Print out the data that follows exactly, character for character, apart from the pictures.

INPUT DATA:

+===+

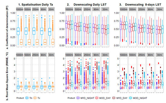 Boxplots of statistical indicators of the downscaling of (1) spatialization of air temperature, (2) downscaling of daily land surface temperature (LST) and (3) downscaling of the 8-day composite LST using the support vector machine algorithm gridded at different spatial resolutions, by the type of product for each year studied: (a) coefficient of determination (R2) and (b) root mean square error (RMSE, in °C).
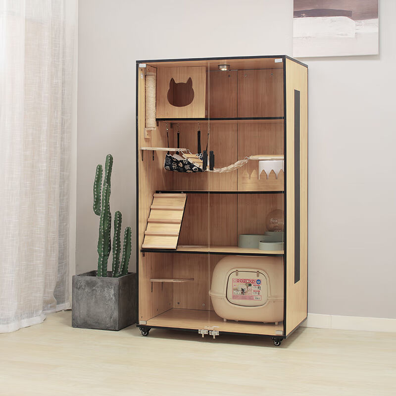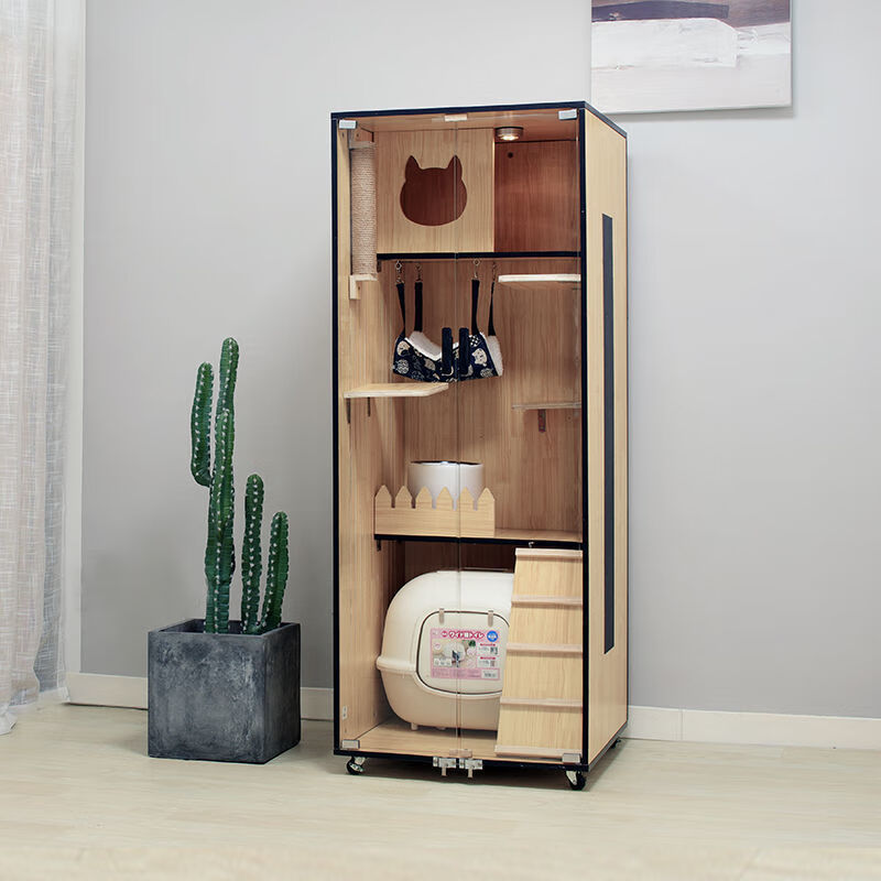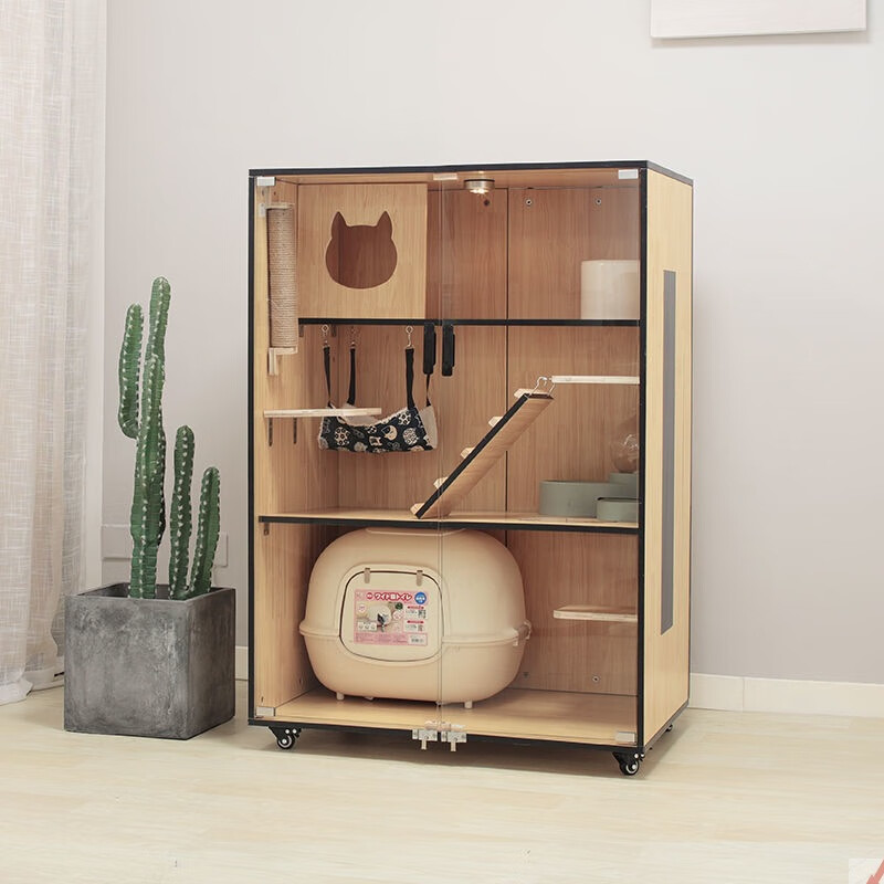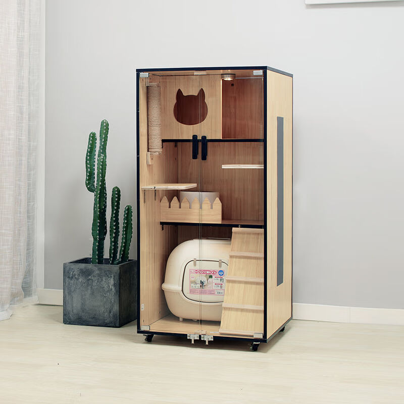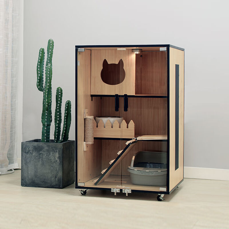 小米城堡 猫别墅木质猫舍猫笼子 家用双层三层的室内大型木制繁育猫公寓 包安装 K-1 高90*宽60*深60
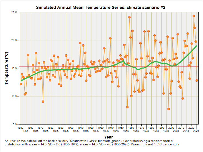 I’m going to make my scenario a little more realistic by adding a warming trend of 1.3°C per century to the simulation, as estimated by moi from the latest HadCRUT5 global mean anomaly. Here’s what we now have:

+===+

ANSWER BOX:
 Boxplots of statistical indicators of the downscaling of (1) spatialization of air temperature, (2) downscaling of daily land surface temperature (LST) and (3) downscaling of the 8-day composite LST using the support vector machine algorithm gridded at different spatial resolutions, by the type of product for each year studied: (a) coefficient of determination (R2) and (b) root mean square error (RMSE, in °C).
 小米城堡 猫别墅木质猫舍猫笼子 家用双层三层的室内大型木制繁育猫公寓 包安装 K-1 高90*宽60*深60
 I’m going to make my scenario a little more realistic by adding a warming trend of 1.3°C per century to the simulation, as estimated by moi from the latest HadCRUT5 global mean anomaly. Here’s what we now have:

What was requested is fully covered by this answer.